■ DATA PROVIDED:
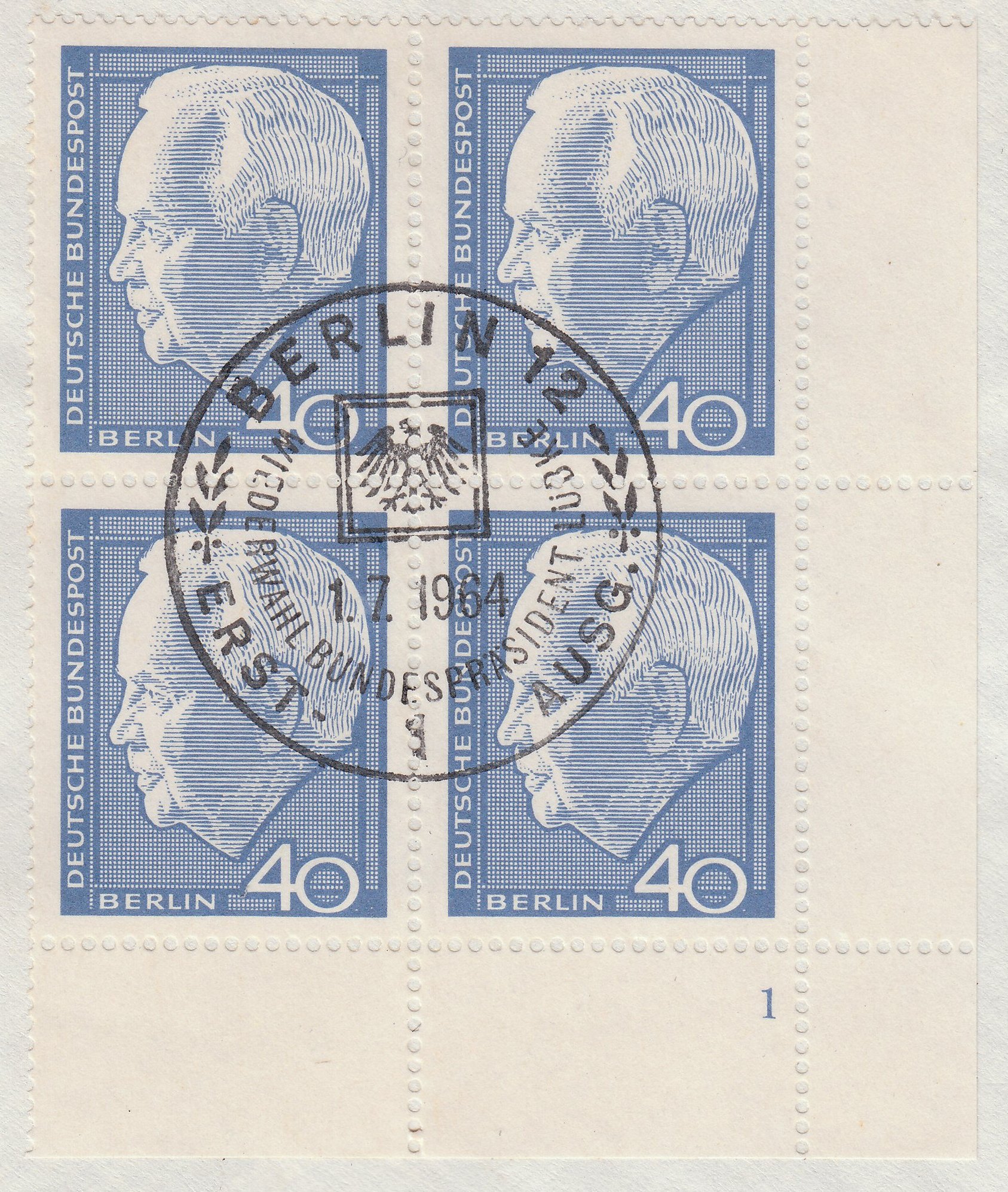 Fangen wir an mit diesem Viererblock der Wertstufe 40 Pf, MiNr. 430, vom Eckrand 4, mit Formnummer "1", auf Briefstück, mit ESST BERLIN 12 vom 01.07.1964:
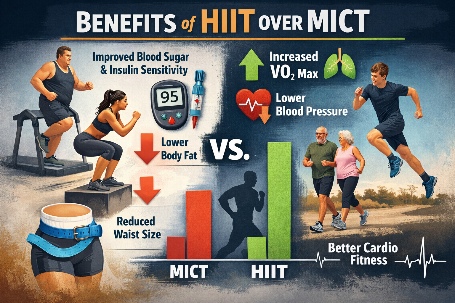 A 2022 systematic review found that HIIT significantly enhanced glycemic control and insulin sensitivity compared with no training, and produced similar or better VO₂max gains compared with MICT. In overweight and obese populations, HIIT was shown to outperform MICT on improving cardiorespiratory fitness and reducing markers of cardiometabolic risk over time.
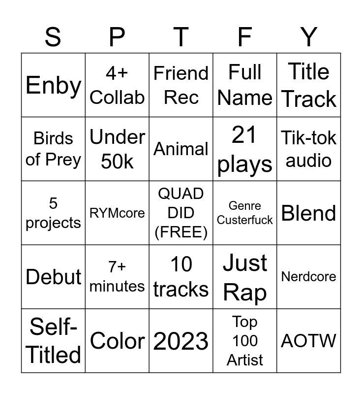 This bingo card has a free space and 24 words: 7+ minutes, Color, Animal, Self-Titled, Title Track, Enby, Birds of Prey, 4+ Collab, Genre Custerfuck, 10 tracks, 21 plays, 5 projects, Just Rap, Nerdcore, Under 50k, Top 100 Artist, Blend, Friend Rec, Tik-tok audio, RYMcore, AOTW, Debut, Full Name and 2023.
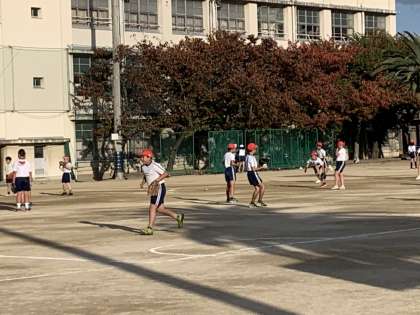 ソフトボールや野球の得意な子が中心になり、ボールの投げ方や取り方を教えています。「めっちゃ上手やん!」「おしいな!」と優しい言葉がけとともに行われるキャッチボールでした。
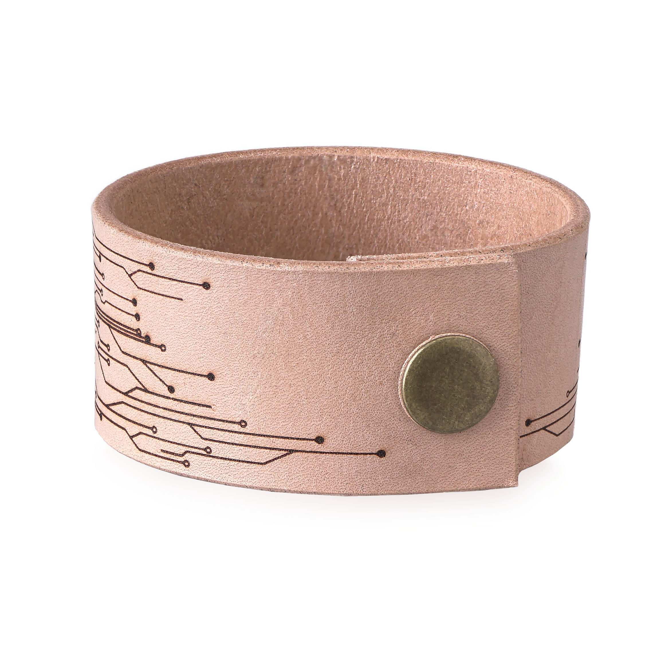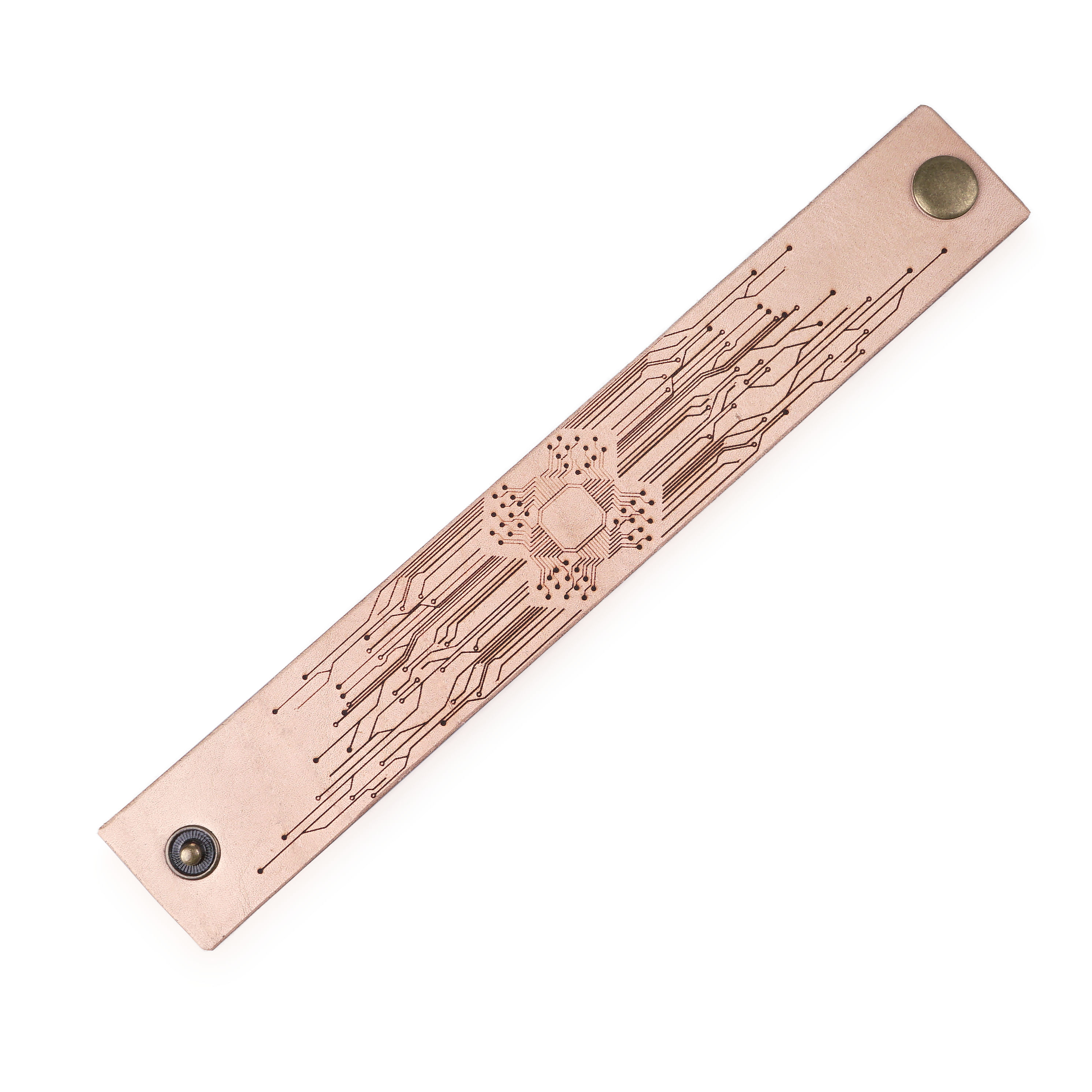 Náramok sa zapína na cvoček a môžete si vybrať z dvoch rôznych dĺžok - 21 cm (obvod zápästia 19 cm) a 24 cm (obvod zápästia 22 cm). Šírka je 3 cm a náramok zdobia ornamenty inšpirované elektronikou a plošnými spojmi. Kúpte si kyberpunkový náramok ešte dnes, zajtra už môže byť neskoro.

---

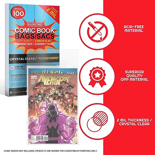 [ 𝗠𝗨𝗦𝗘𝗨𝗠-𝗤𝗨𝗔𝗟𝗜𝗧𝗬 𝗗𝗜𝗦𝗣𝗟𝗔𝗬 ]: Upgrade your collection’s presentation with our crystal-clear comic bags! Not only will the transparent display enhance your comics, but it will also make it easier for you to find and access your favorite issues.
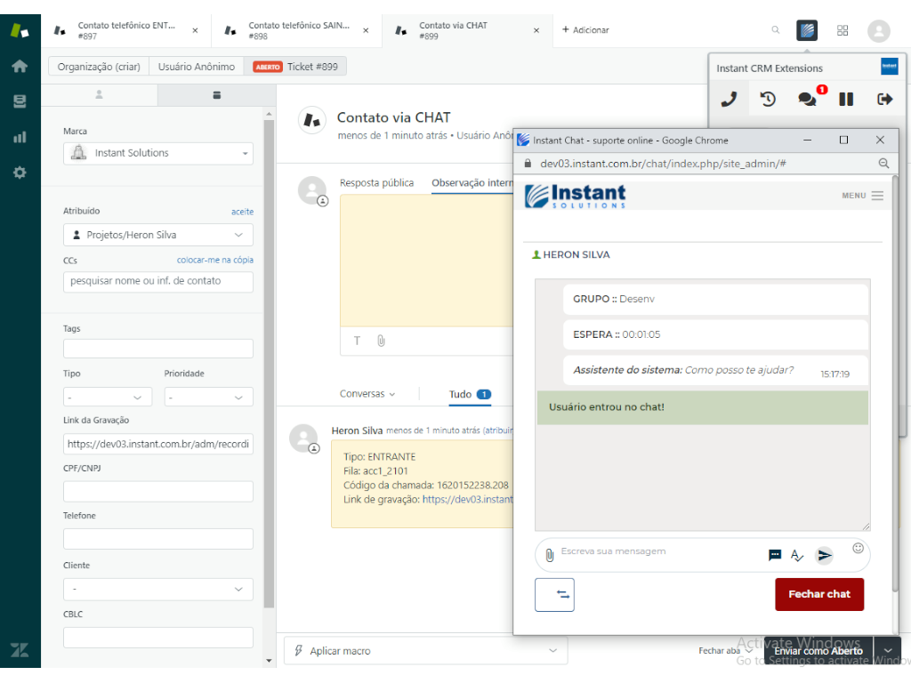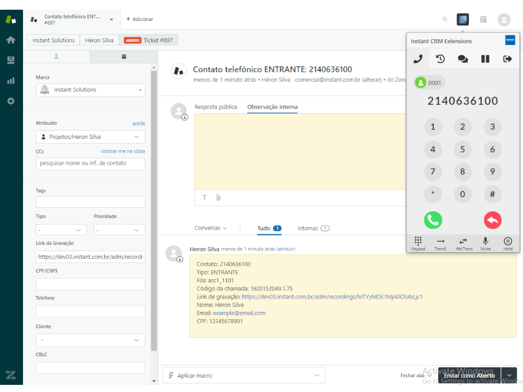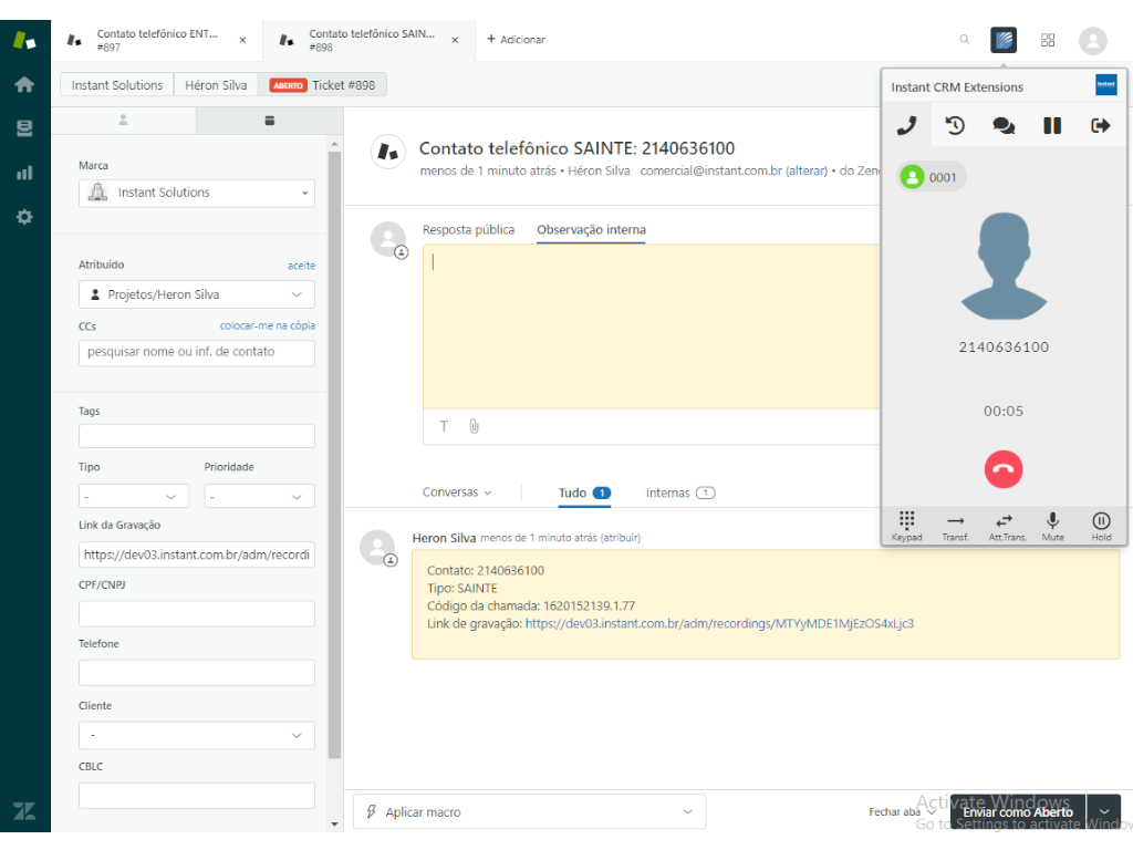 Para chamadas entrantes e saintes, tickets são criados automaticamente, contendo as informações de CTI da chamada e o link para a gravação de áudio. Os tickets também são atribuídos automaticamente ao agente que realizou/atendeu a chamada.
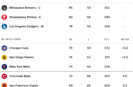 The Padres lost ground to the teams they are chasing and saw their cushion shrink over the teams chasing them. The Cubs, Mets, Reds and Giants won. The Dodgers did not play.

...

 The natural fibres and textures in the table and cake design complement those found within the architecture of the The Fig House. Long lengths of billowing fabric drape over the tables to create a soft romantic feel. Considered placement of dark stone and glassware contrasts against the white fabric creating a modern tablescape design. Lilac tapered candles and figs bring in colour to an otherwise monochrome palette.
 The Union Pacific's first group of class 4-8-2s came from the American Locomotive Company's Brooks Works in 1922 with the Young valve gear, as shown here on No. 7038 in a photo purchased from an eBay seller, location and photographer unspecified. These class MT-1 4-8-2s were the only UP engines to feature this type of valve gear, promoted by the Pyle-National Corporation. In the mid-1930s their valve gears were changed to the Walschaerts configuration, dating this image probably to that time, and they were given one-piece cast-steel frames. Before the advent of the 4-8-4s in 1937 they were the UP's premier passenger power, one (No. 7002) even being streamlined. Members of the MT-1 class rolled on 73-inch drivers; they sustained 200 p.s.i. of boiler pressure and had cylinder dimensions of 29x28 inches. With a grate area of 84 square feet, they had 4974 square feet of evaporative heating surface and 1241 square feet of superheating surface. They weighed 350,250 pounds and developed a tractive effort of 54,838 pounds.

■ DESCRIPTION OF THE TASK: Once the line with "[ 𝗠𝗨𝗦𝗘𝗨𝗠-𝗤𝗨𝗔𝗟𝗜𝗧𝗬 𝗗𝗜𝗦𝗣𝗟𝗔𝗬" is found above, print it and every line after it through the line with "The Padres lost", exactly. Pictures stay out.

■ RESPONSE AREA:
 [ 𝗠𝗨𝗦𝗘𝗨𝗠-𝗤𝗨𝗔𝗟𝗜𝗧𝗬 𝗗𝗜𝗦𝗣𝗟𝗔𝗬 ]: Upgrade your collection’s presentation with our crystal-clear comic bags! Not only will the transparent display enhance your comics, but it will also make it easier for you to find and access your favorite issues.
 Para chamadas entrantes e saintes, tickets são criados automaticamente, contendo as informações de CTI da chamada e o link para a gravação de áudio. Os tickets também são atribuídos automaticamente ao agente que realizou/atendeu a chamada.
 The Padres lost ground to the teams they are chasing and saw their cushion shrink over the teams chasing them. The Cubs, Mets, Reds and Giants won. The Dodgers did not play.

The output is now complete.